Everything points out that the co-evolution between flowering plants and pollinating insects had not taken place yet -105 million years ago. Also, some of the gymnosperm pollinating insects –such as thysanoptera insects and oedemerid beetles, were later adapted to pollinate angiosperms. According to the experts, this is an opportunist adaptation since angiosperm flowers started offering better nutrients and became more efficient attracting insects in suggesting ways, intense odours and bright colors.

The best fossil record on pollination worldwide

There are currently thirty orders of insects, and the main angiosperm pollinating insects are bees, butterflies, flies, beetles and thrips.

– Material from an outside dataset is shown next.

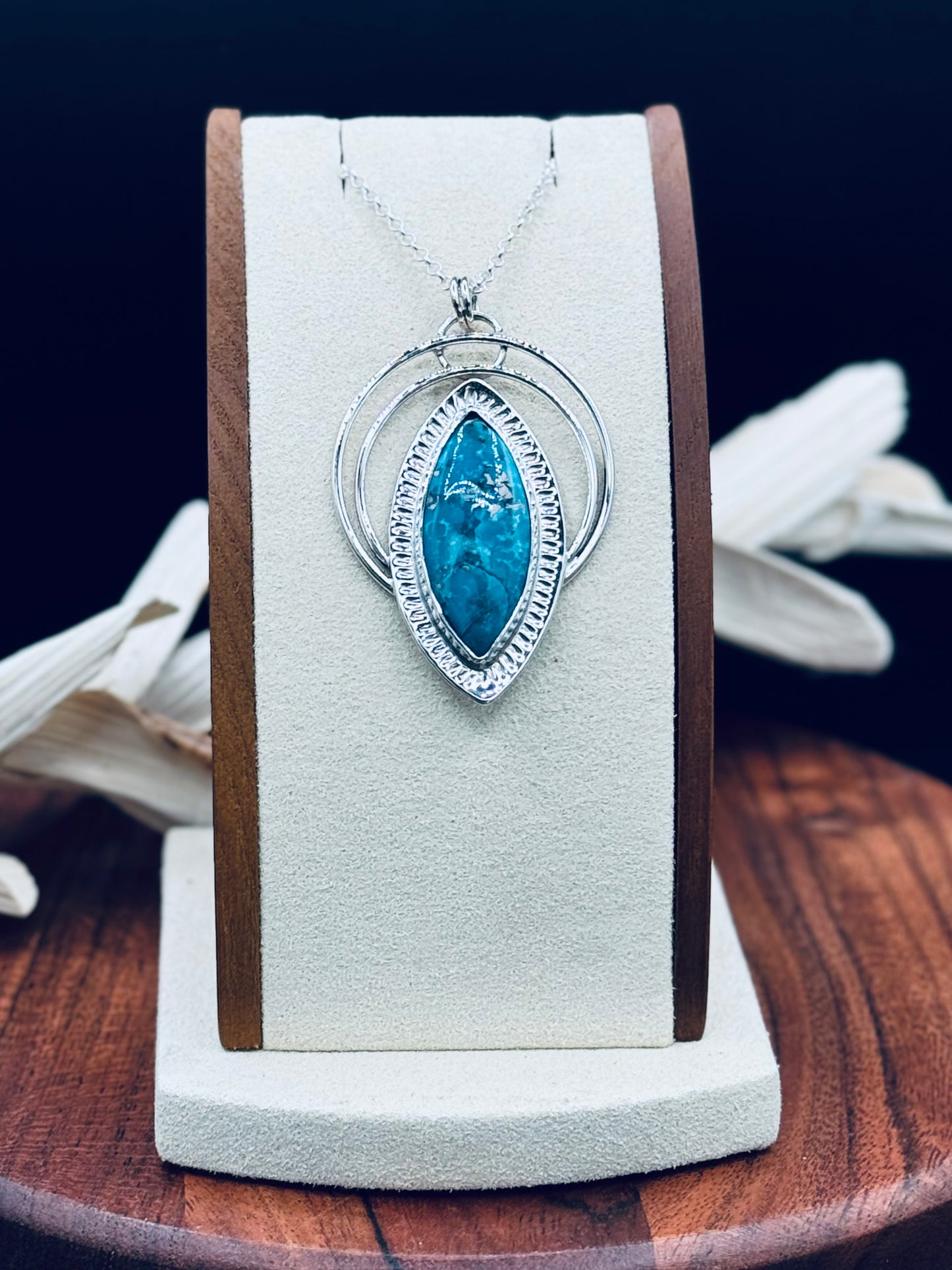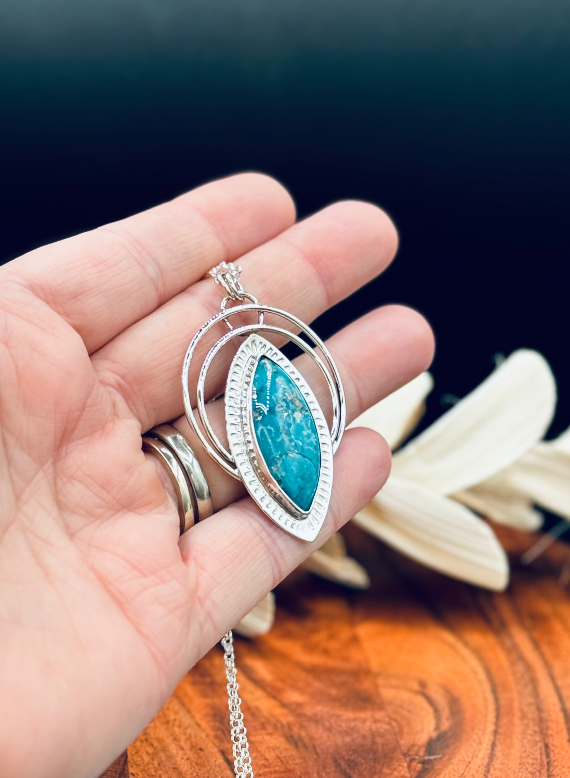 This color is pretty much impossible to capture in a picture but trust me when I say that it is perfection. Set on a hand stamped sterling silver landing and double hoops. This piece will definitely make a statement! Handmade and one of a kind.
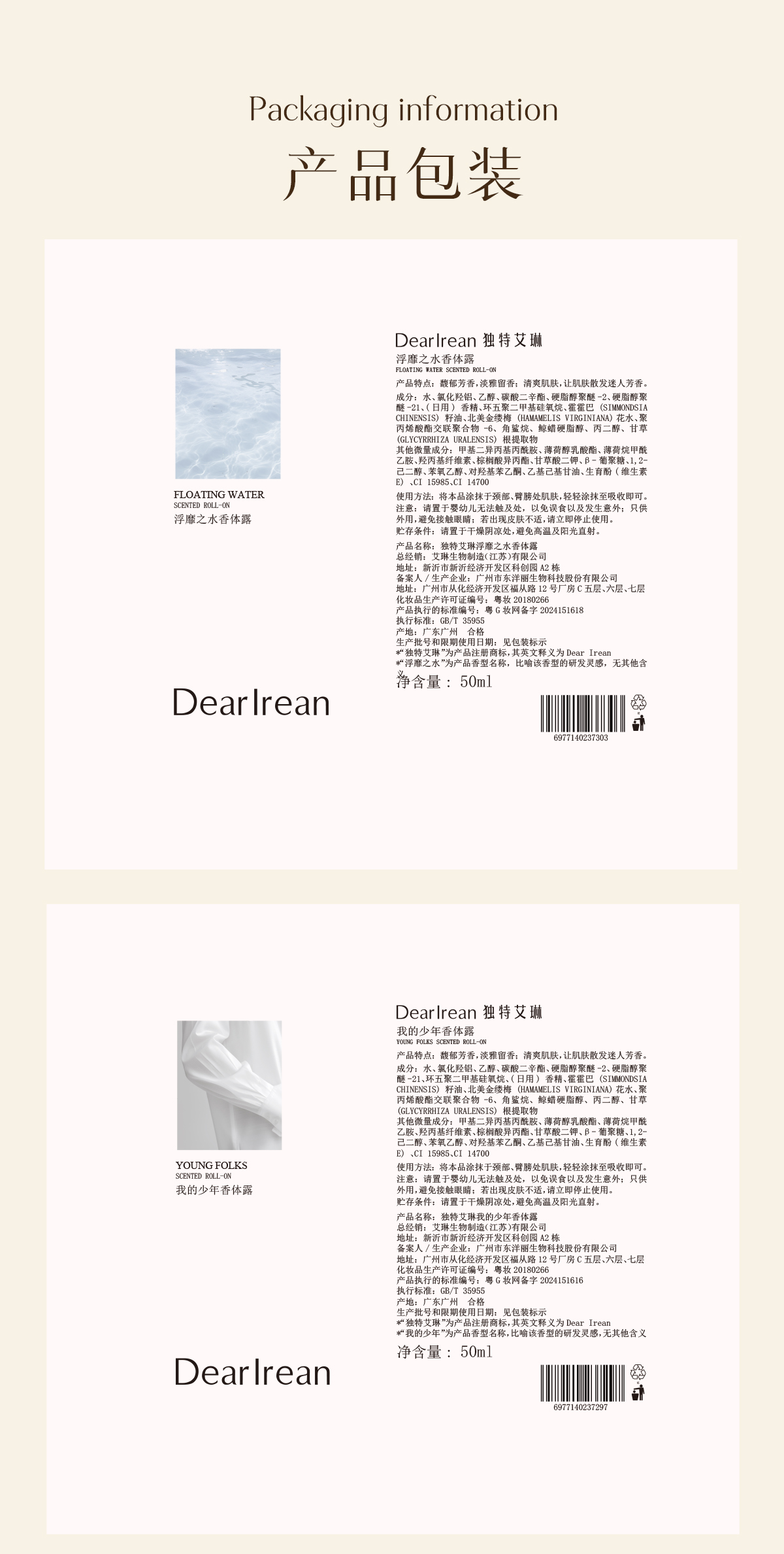独特艾琳止汗香体露50ml

However, 105 years ago, pollinating bees and butterflies did not exist yet, and beetles and flies are examples of insects that feed from nectar and pollinated gymnosperm plants, according to the excellent fossil record of the amber pieces in Spain, which brought the best direct examples of pollination worldwide.

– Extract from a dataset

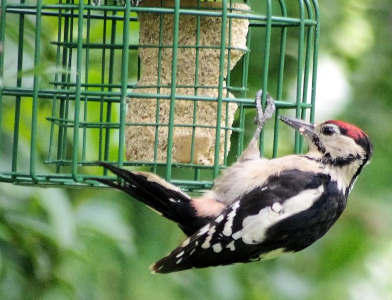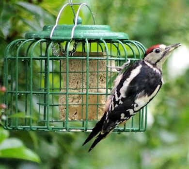 The red crown indicates that this Great Spotted Woodpecker is a young one - the adult male has red feathers at the nape of the neck and the adult female is black there. That red crown will moult over the next few months and the adult plumage will then appear. It is apparently not uncommon for woodpeckers to come in to suburban garden feeders. Of course, the typical drumming sound of woodpeckers is totally absent when attacking the soft nut cake!
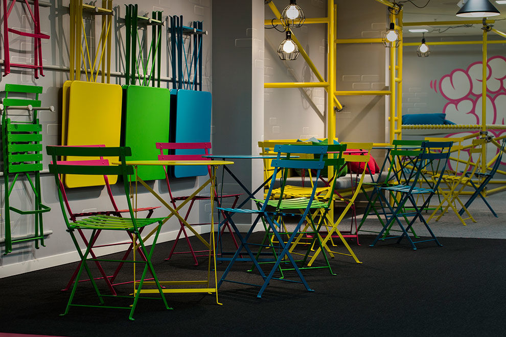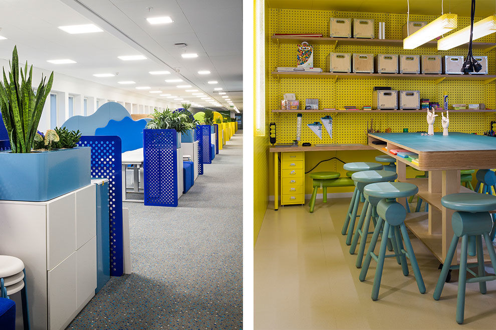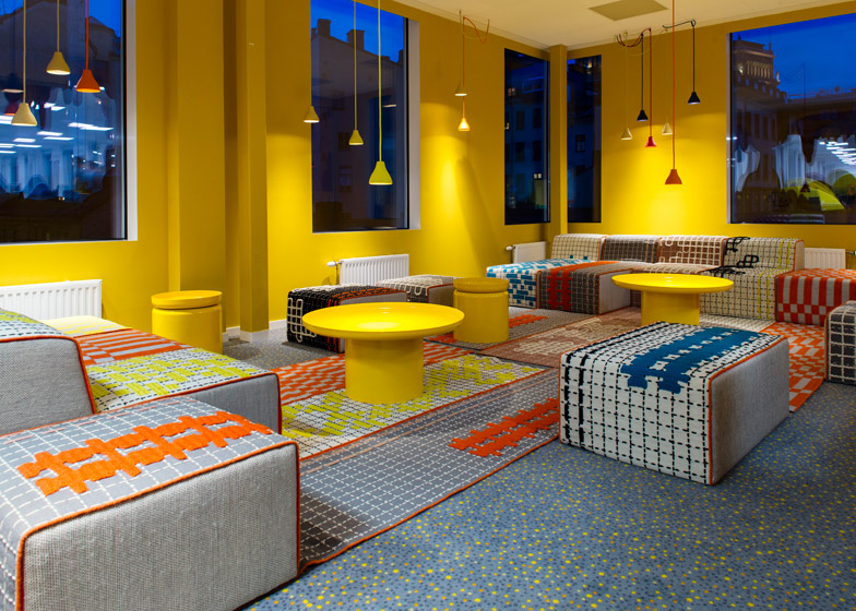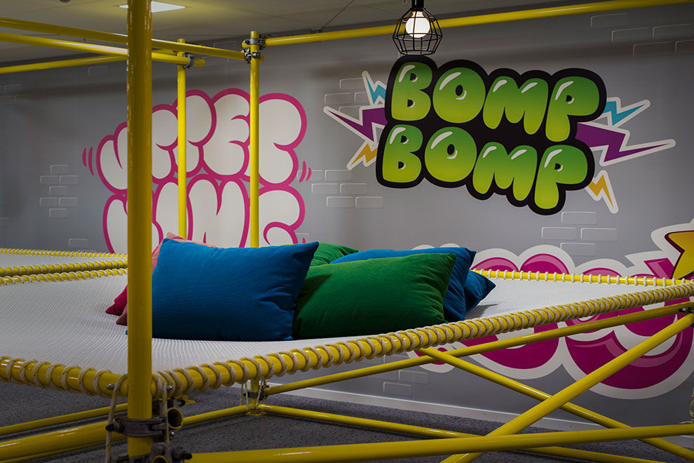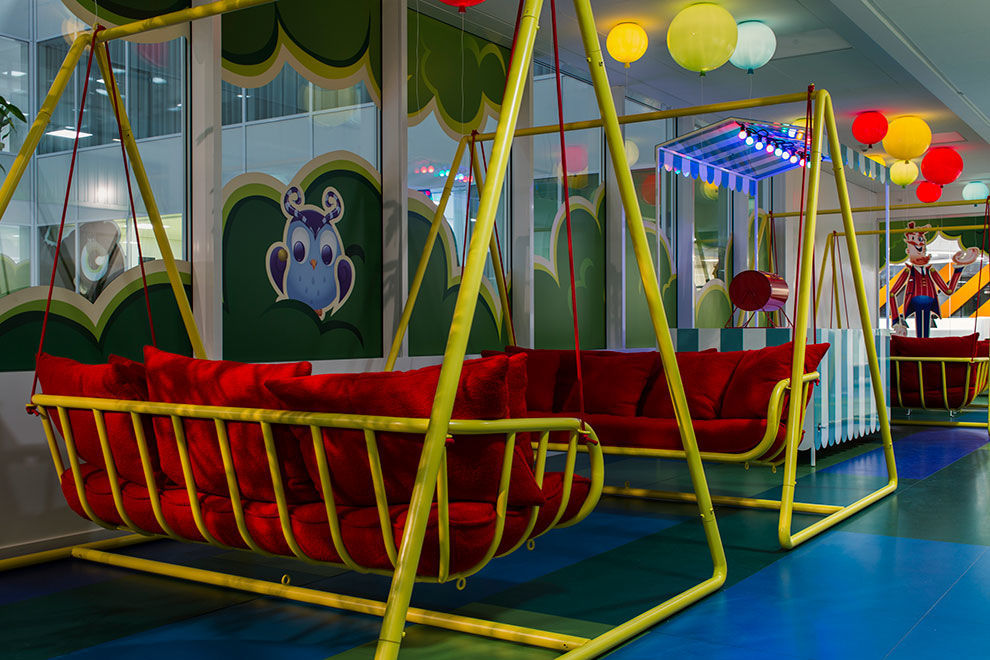 這里的一切與我們常見的辦公空間設(shè)計案例不太一樣,顏色、形狀、布局都跳脫出了辦公空間的慣有模式,高飽和度的明麗色調(diào)、充滿親和力與童話色彩的家具風格,使得它看上去更像是一個專門為孩童設(shè)計的空間,包括蛋形的前臺、旋轉(zhuǎn)木馬樣式的用餐具、蹦床一般的座位等。

According to the results of the new research, researchers propose a model with four evolutionary patterns from gymnosperm-pollinating insects from the Cretaceous, and their following extinction or evolution up to nowadays.

In particular, these models correspond to gymnosperm pollinating insects associations that extinguished during the Cretaceous (for instance the Zhuang solitary flies found in the amber from El Soplao cave in Cantabria, Spain); groups that survived and largely continued up to now (some tisanoptera insects preserved in amber from Álaba, Spain); groups that began to pollinate angiosperms leaving gymnosperms (oedemerid beetles such as the new pollinated specimen of amber in Álava) and last, groups of pollinating insects that later began a co-evolution with angiosperms (the emblematic case of bees, or proboscis butterflies).

This new research shows the importance of amber in Spain to understand terrestrial ecosystems from the past and discover when and how some of the most relevant ecological relations now were created.